As has been pointed out in the comment above, the specific claim that we see ourselves as exactly five times more attractive is a little absurd. There are no units measuring beauty, that I am aware of.
In social sciences, when the attractiveness of an individual has to be rated, it is rated on a scale where, for example, one would mean low attractiveness and five high attractiveness. Under such scales, everyone in the study would literally have to be of a 5/5 attractiveness and yet rate themselves as a 1/5 attractiveness. That's highly unlikely, to say the least. Thus, I'm inclined to dismiss the notion that we see ourselves five times more attractive than we are as bogus.
Leaving at that, however, is leaving much unanswered. There is, I think, a vaguer but still quite interesting claim to investigate: Do we overestimate our own attractiveness?

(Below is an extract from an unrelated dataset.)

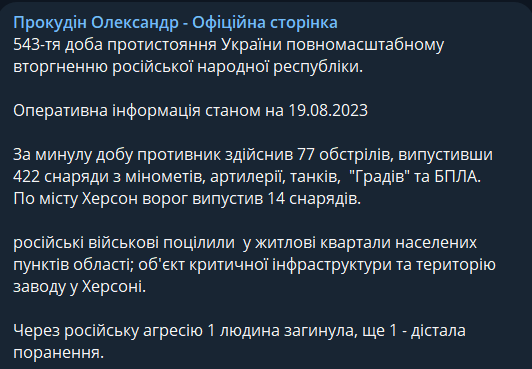 Минулої доби росіяни 77 разів обстріляли Херсонську область, випустивши 422 снаряди з мінометів, артилерії, танків, "Градів" і БПЛА. Містом Херсон ворог випустив 14 снарядів.
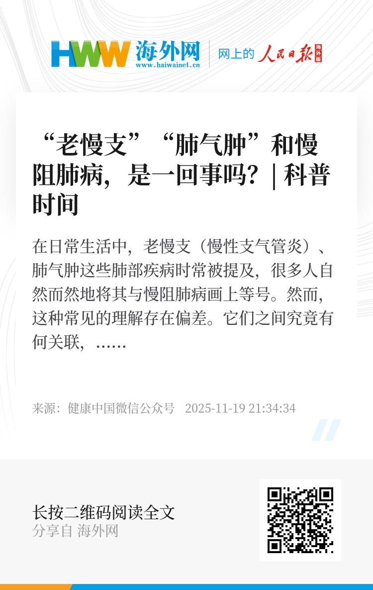 在日常生活中,老慢支(慢性支气管炎)、肺气肿这些肺部疾病时常被提及,很多人自然而然地将其与慢阻肺病画上等号。然而,这种常见的理解存在偏差。它们之间究竟有何关联,又有何区别?该如何正确区分?

That question has an answer, and the answer is yes.
According to the authors of The Invisible Gorilla: And Other Ways Our Intuitions Deceive Us, relating the findings of Narcissistic Illusions in Self-Evaluations of Intelligence and Attractiveness,
Evidence about self-judged attractiveness comes from a study of college students in which men judged themselves to be about 15 percent more attractive than they actually were. Women viewed themselves as slightly less attractive than they actually were, although both men and women viewed themselves as above average in attractiveness (the women in the study were judged to be a little more above average in attractiveness).

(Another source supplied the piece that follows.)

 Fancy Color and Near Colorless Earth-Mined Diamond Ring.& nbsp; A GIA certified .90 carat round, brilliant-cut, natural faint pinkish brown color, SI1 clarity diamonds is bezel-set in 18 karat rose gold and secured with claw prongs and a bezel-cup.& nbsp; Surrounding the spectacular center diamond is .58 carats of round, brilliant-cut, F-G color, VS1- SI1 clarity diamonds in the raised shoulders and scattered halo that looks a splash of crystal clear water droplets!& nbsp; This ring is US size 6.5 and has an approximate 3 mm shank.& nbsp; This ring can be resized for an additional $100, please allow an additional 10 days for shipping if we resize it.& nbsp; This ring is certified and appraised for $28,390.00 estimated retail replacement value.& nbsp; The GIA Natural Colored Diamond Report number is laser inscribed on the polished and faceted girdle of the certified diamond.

The study itself is unfortunately locked behind a paywall, but the abstract does support this:
Both males and females overestimated their own intelligence, with males, but not females, also overestimating their attractiveness. ... Males showed greater positive illusions than females, with this effect at least partly attributable to observed gender differences in narcissism
The theory that we overestimate our own beauty is supported by another study: Mirror, Mirror on the Wall: Enhancement in Self-Recognition.
Researchers took photos of undergraduate students and then invited those students back to the laboratory two to four weeks later to identify their face out of an assortment of eleven images. Out of those eleven pictures, five were altered to make the subject less attractive than the original and five were altered to make the subject more attractive. The eleventh one was the original, unaltered picture
The result? The majority of participants picked one of the pictures that was altered to be more attractive than the original picture, overestimating the attractiveness by six to twelve percent.
The researchers then did a similar experiment, but this time they asked the participants to evaluate friends and strangers, in order to see if we also overestimate other people's attractiveness or only our own. In the end, subjects overestimated their friend's attractiveness but not the stranger's.
TL;DR: We do overestimate our own beauty, but not by anything close to a magnitude of five times.